The story of Chile's involvement with Blackwater begins in 2003, when Blackwater's neo-con founder, Erik Prince, a former U.S. Navy Seal, was discovered by his Chilean parallel: Jose Miguel Pizarro Ovalle, an avid supporter of then-ex-dictator Augusto Pinochet and an ex-Chilean special forces, himself, of dual U.S.-Chilean citizenship. Investigative journalist Jeremy Scahill, who interviewed Pizarro extensively for his new book, said that Pizarro had done some arms-business consulting and some CNN commentating before. Yet, when he first saw Blackwater's Dismal Swamp training facility Pizarro had an experience roughly equivalent to Saruman's first laying eyes on Sauron's Dark Tower. Pizarro soon built his own little version of Dismal Swamp near the shores of Lake Rapel south of Santiago.

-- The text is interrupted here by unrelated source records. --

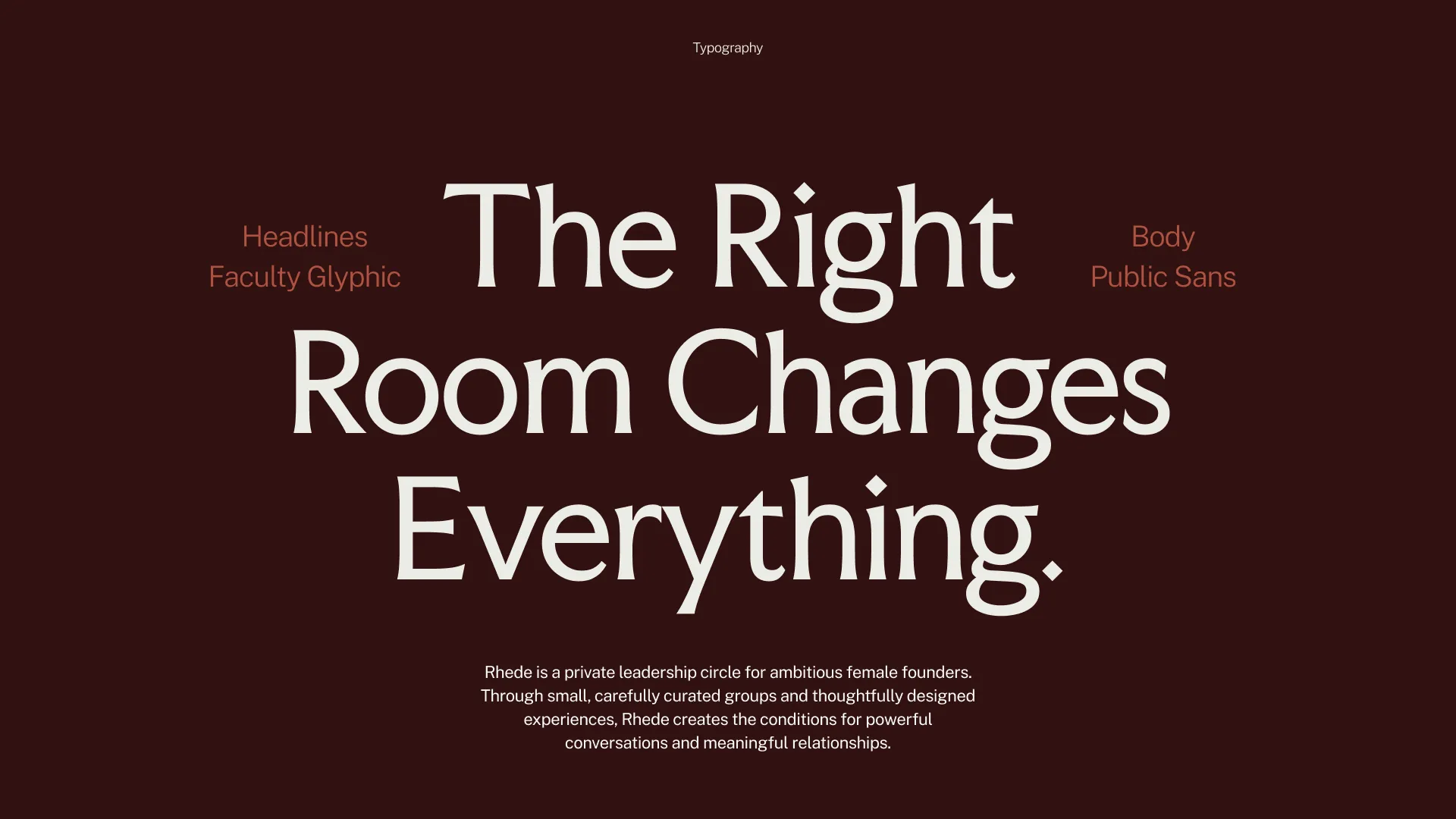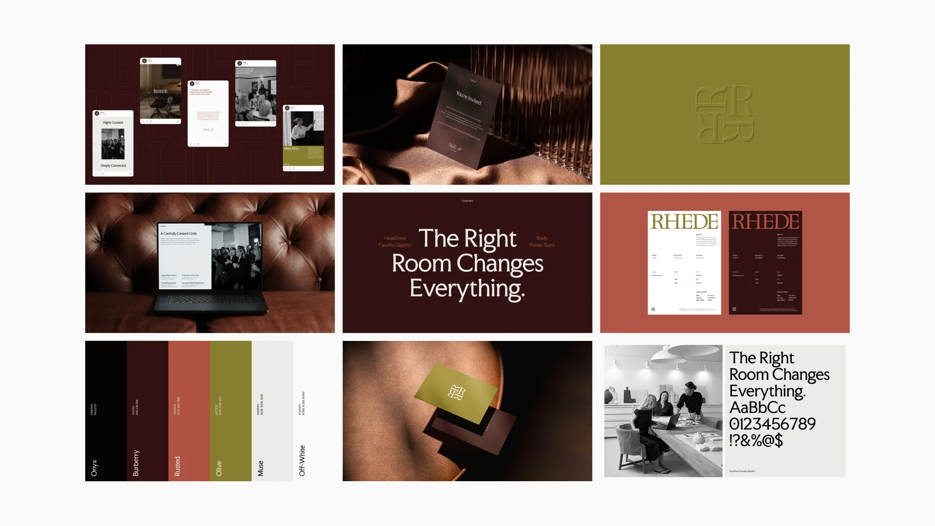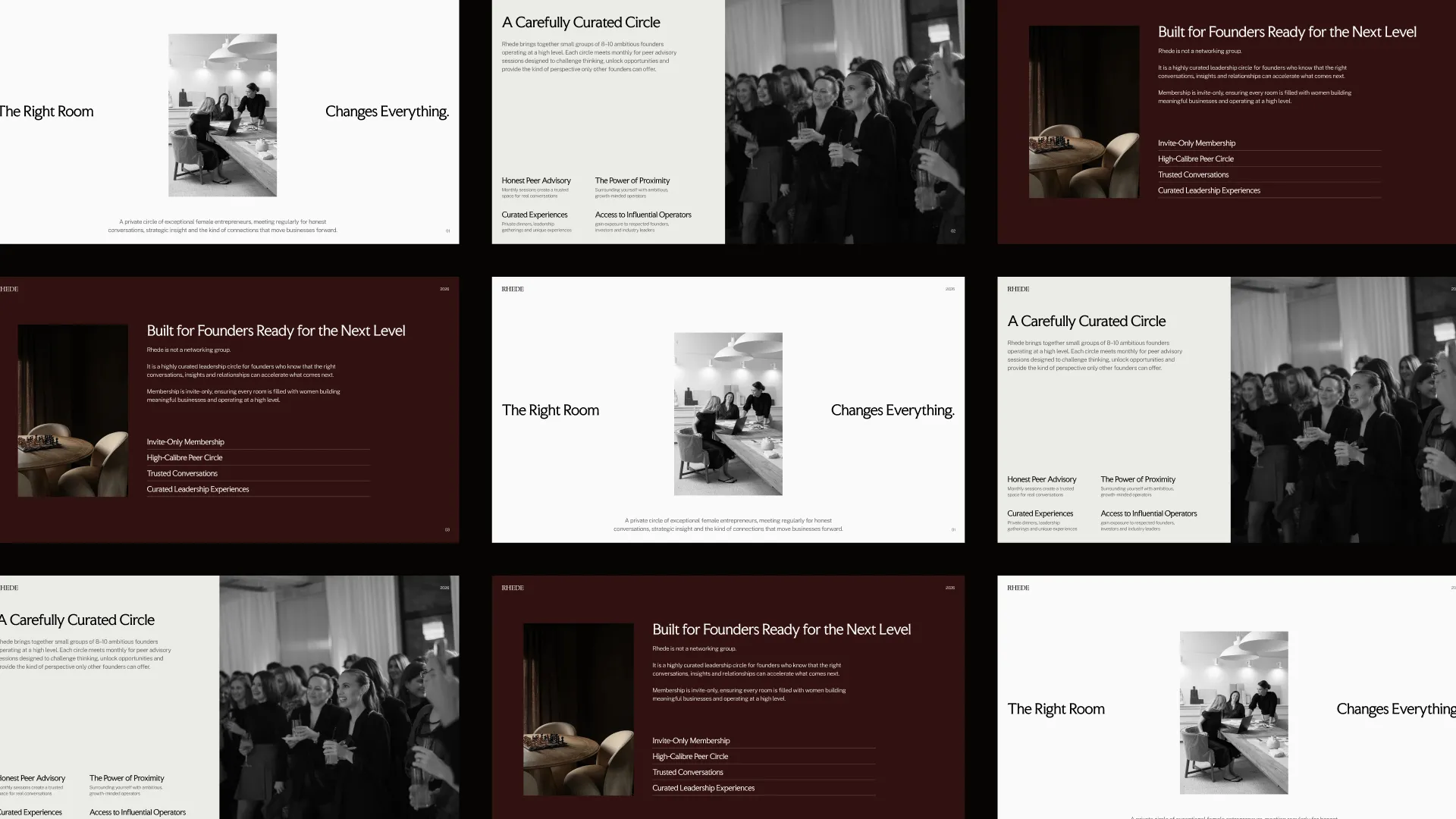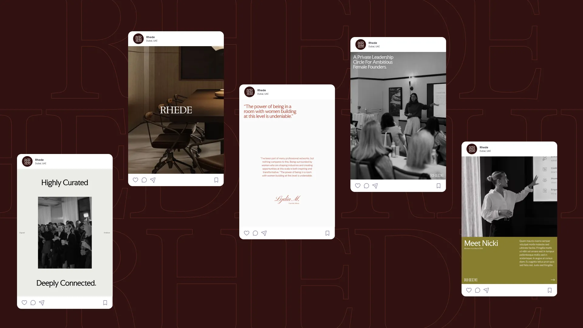 Through a focused brand sprint, we focused first on positioning Rhede as a space for women who are already in motion, not starting out, but building with clarity and intent. The strategy centred on removing the expected. Avoiding overly soft, overly polished, or performative “empowerment” aesthetics, and instead building something that felt grounded, refined, and quietly confident. Visually, the identity leans into restraint. A deeper, more considered colour palette creates a sense of focus and presence, while typography brings structure and clarity without feeling rigid. Every element was designed to feel intentional, from spacing and layout to the way the brand holds itself across touchpoints. The result is a system that doesn’t rely on being loud, but instead builds recognition through consistency, clarity, and subtle distinction.
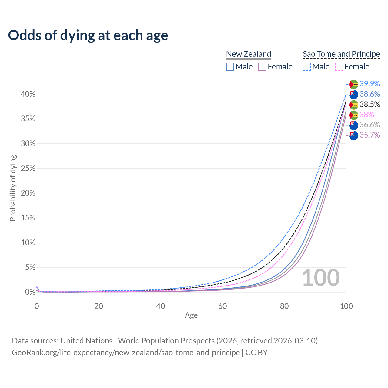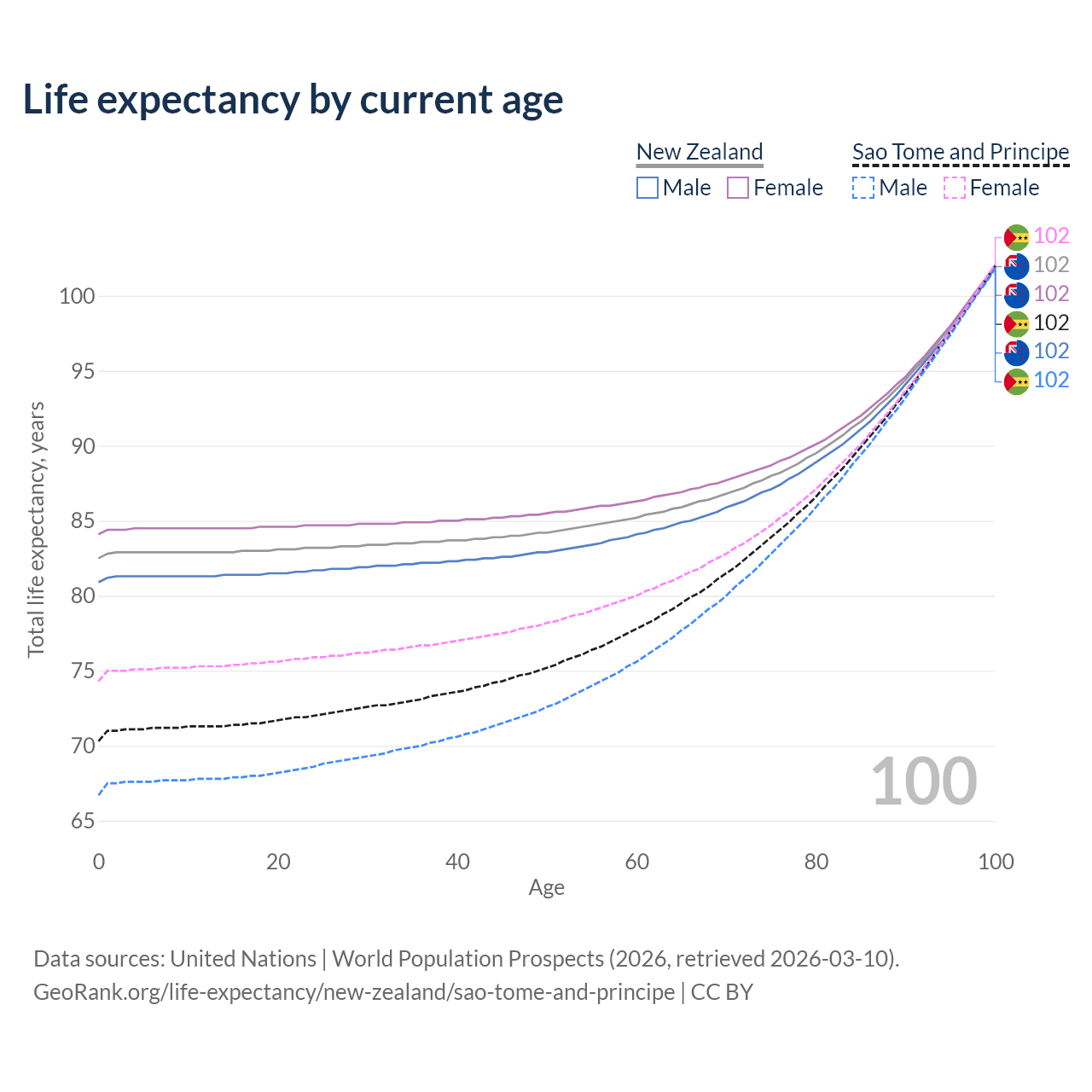 This life expectancy calculator shows the odds of living to 100, 95, 90, and below based on current age for both males and females in New Zealand and Sao Tome and Principe, along with mean and median age of death. The calculations are based on the 2026 life tables (actuarial tables) from the UN World Population Prospects.
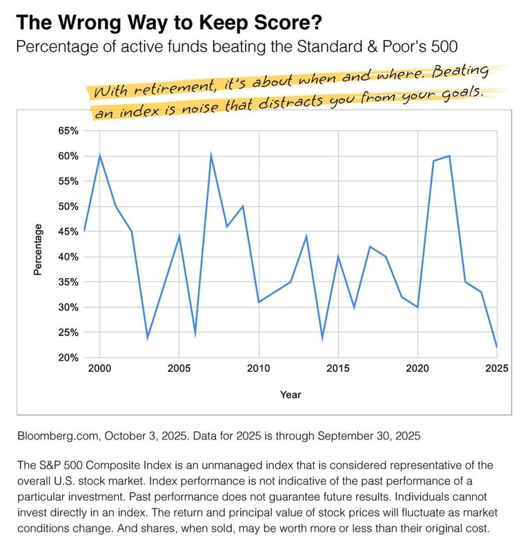 The purpose of a retirement strategy is to get where you want, when you want to be there. When I see articles saying, “active money managers struggle to beat index funds due to tariffs, economic uncertainty,” I believe we’re missing the point. Whether an investment underperforms or outperforms is fun to look at, but it’s about whether the investment helped your where and when.

Pizarro then put ads in Chilean newspapers and began running what would become a shifting web of subcontracting entities that employed among others Miguel Martinez Ovalle -- a man ousted from the Chilean military for "mental instability" and a CIA agent according to Chilean legislator Alejandro Navarro. As a subcontractor for Blackwater, Pizarro began recruiting from the Chilean military and federal police. By the time Bachelet made her comments, Pizarro had provided, by his own admission, some 750 Chilean forces to Blackwater and other private military firms operating in Iraq. Those troops, according to Scahill, were the first international forces Blackwater admits to using.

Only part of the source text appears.